=== Section Start ===

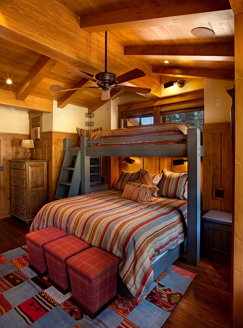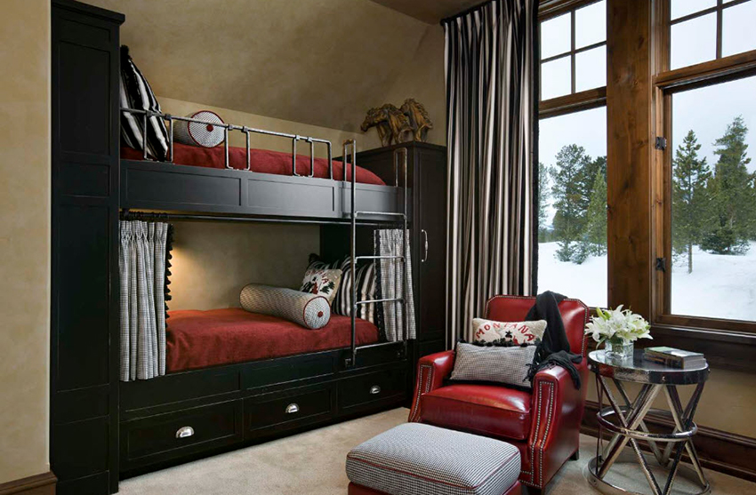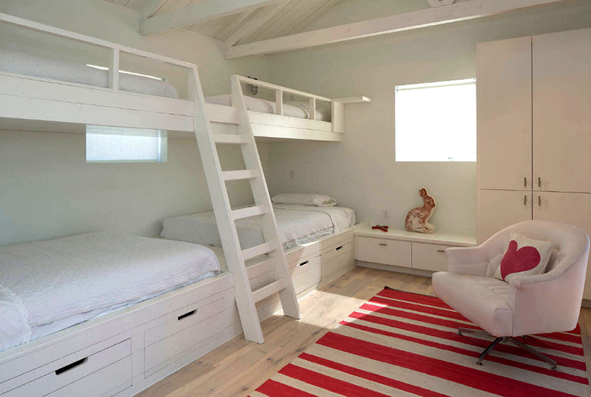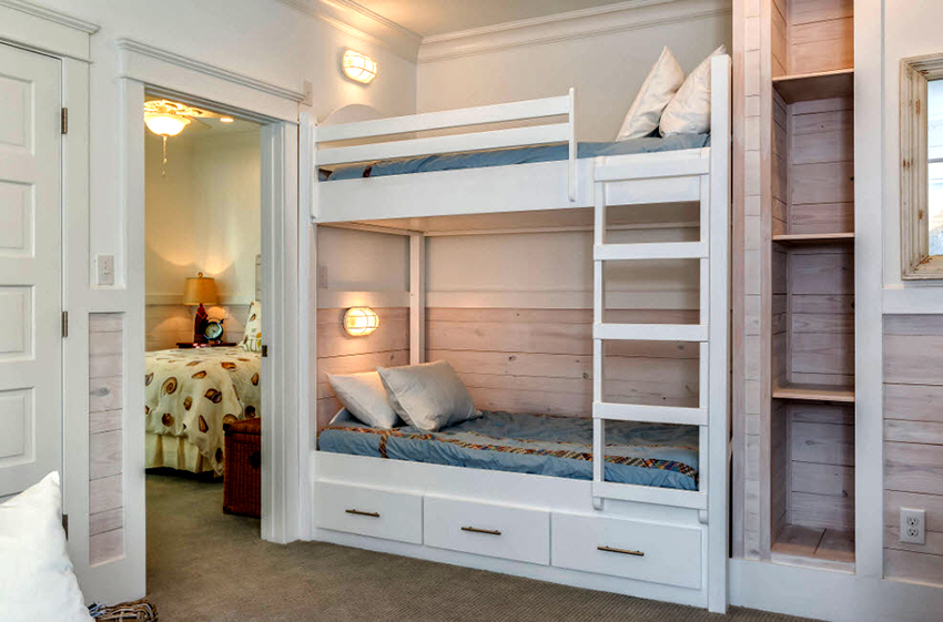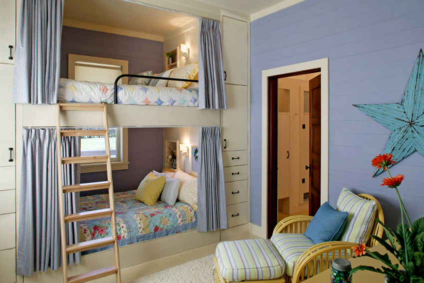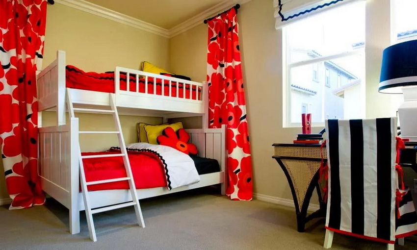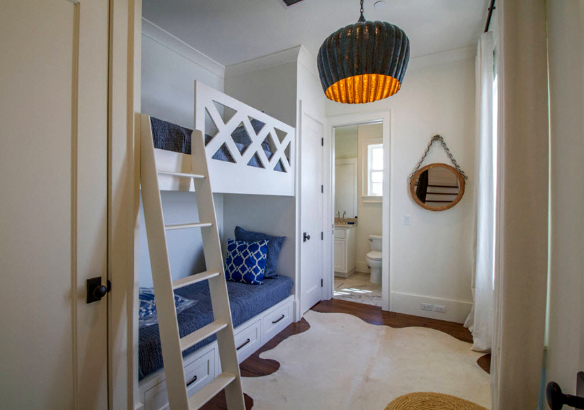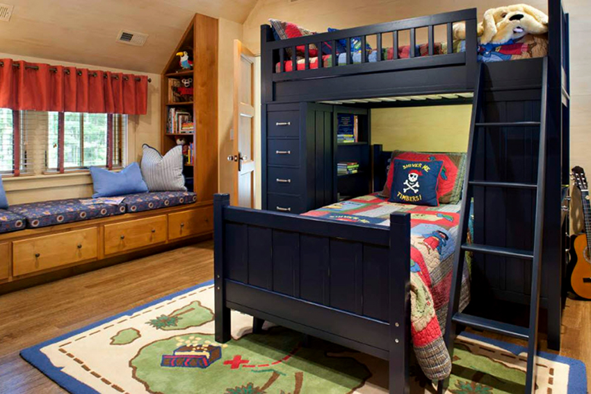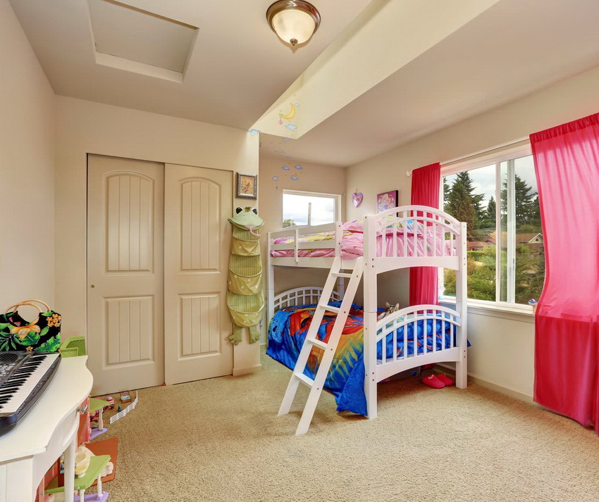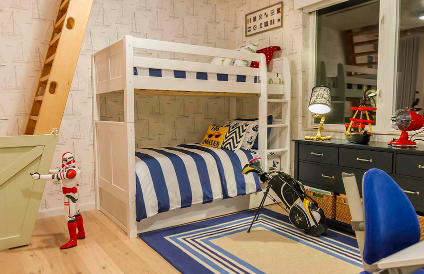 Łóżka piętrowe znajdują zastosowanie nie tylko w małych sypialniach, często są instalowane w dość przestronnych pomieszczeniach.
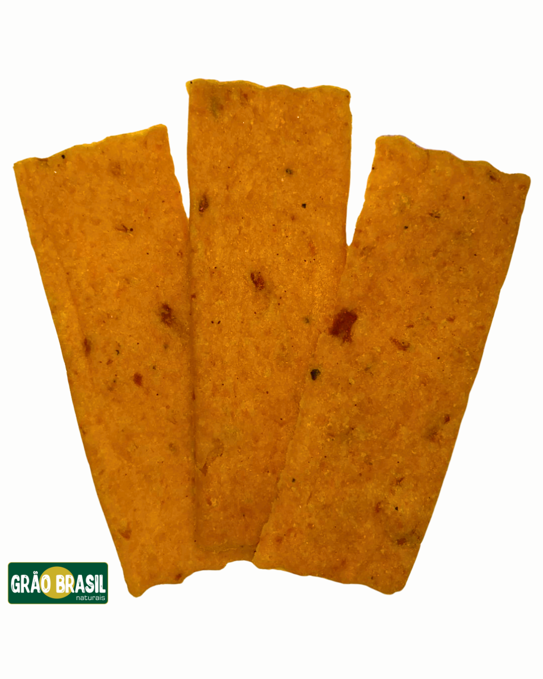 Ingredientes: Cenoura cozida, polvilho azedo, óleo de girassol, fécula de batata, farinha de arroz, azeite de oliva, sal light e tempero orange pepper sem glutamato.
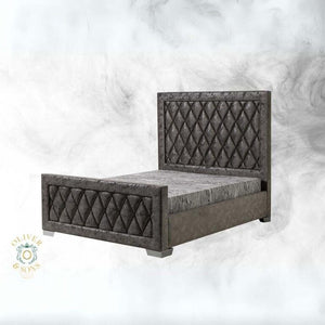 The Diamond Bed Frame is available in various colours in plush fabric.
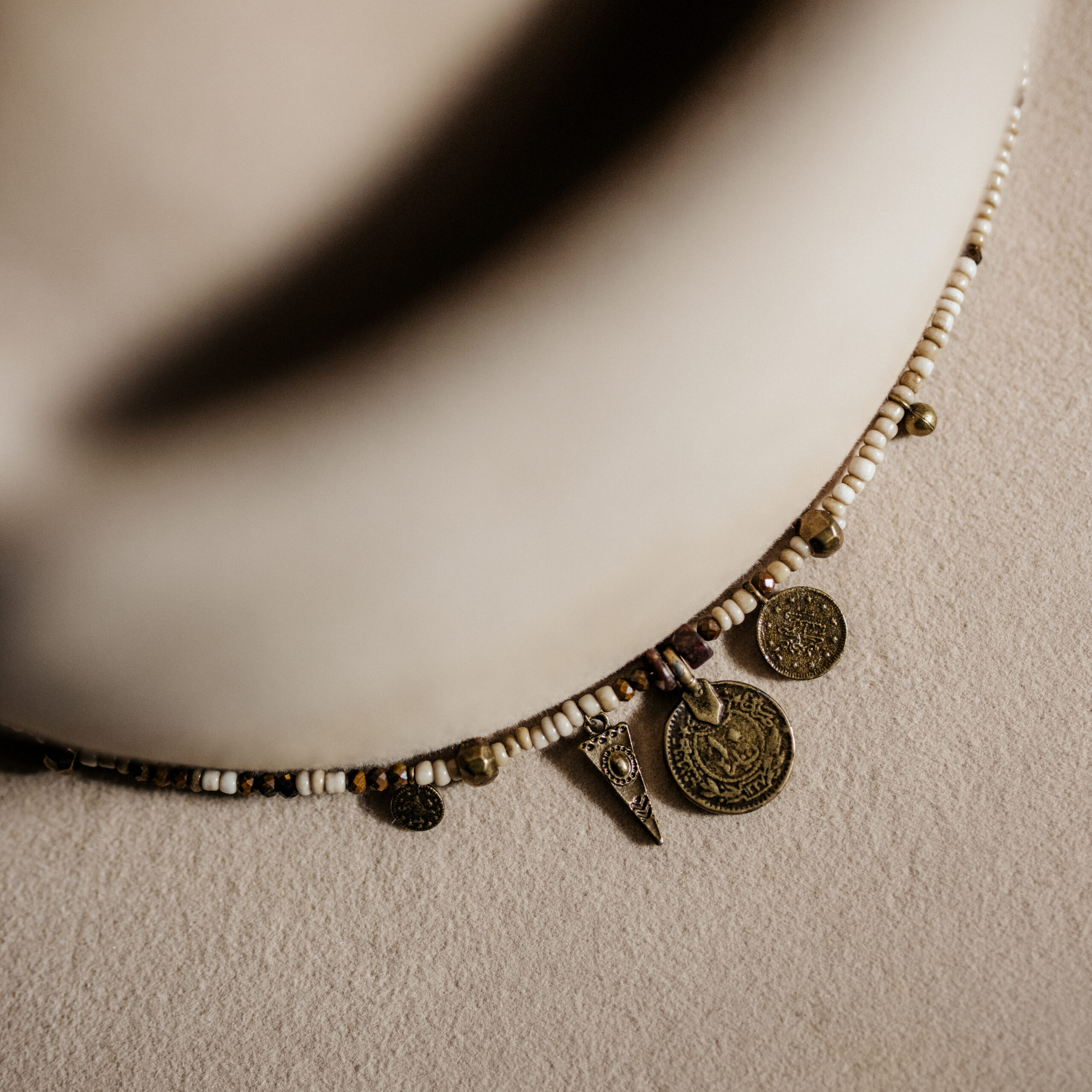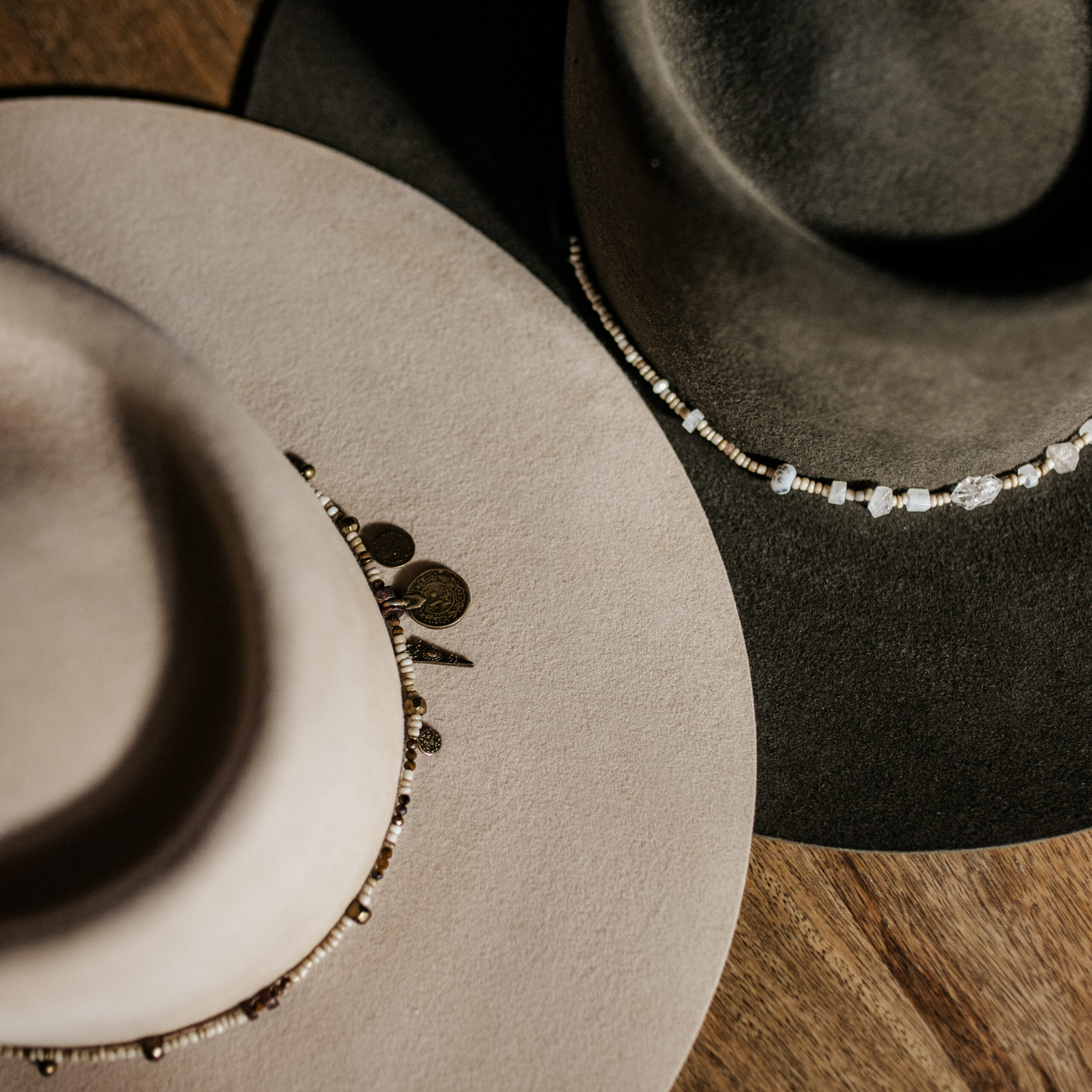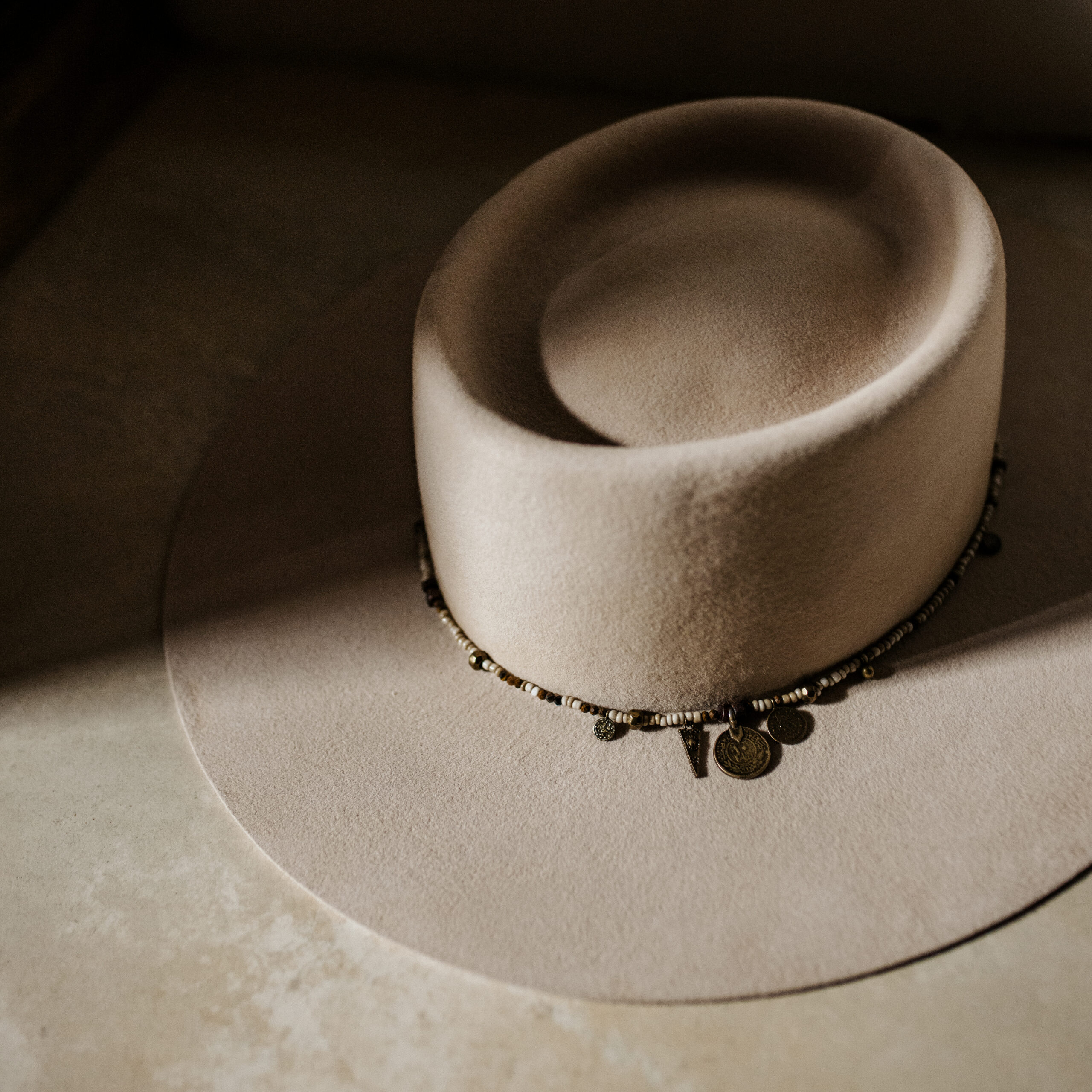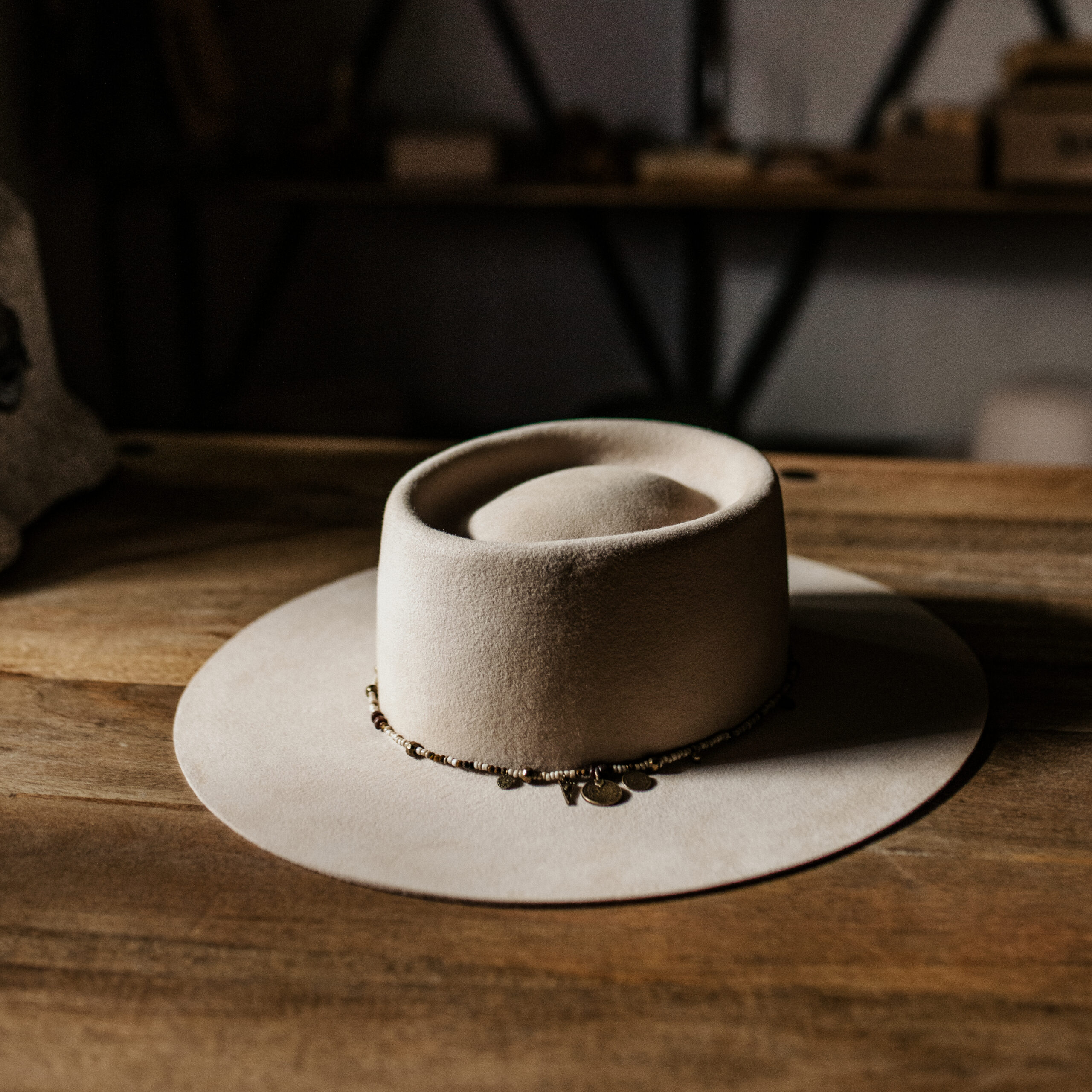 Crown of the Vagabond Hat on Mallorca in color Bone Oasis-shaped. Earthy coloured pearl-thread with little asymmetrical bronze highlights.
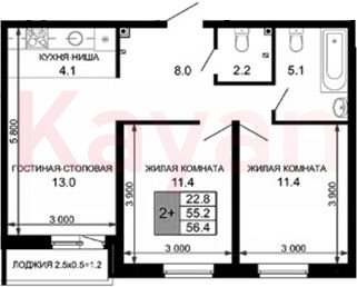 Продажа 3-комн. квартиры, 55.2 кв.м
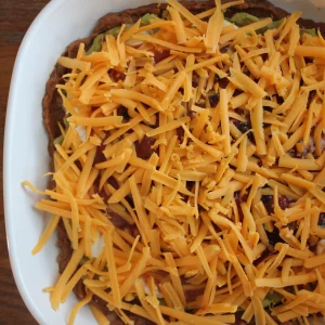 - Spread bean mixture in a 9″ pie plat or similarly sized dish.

=== Section End ===

▶ [EXERCISE REQUIREMENTS]
Leave the pictures out and reproduce all of the records exactly.

▶ [ANSWER TO THE PROBLEM]
 Łóżka piętrowe znajdują zastosowanie nie tylko w małych sypialniach, często są instalowane w dość przestronnych pomieszczeniach.
 Ingredientes: Cenoura cozida, polvilho azedo, óleo de girassol, fécula de batata, farinha de arroz, azeite de oliva, sal light e tempero orange pepper sem glutamato.
 The Diamond Bed Frame is available in various colours in plush fabric.
 Crown of the Vagabond Hat on Mallorca in color Bone Oasis-shaped. Earthy coloured pearl-thread with little asymmetrical bronze highlights.
 Продажа 3-комн. квартиры, 55.2 кв.м
 - Spread bean mixture in a 9″ pie plat or similarly sized dish.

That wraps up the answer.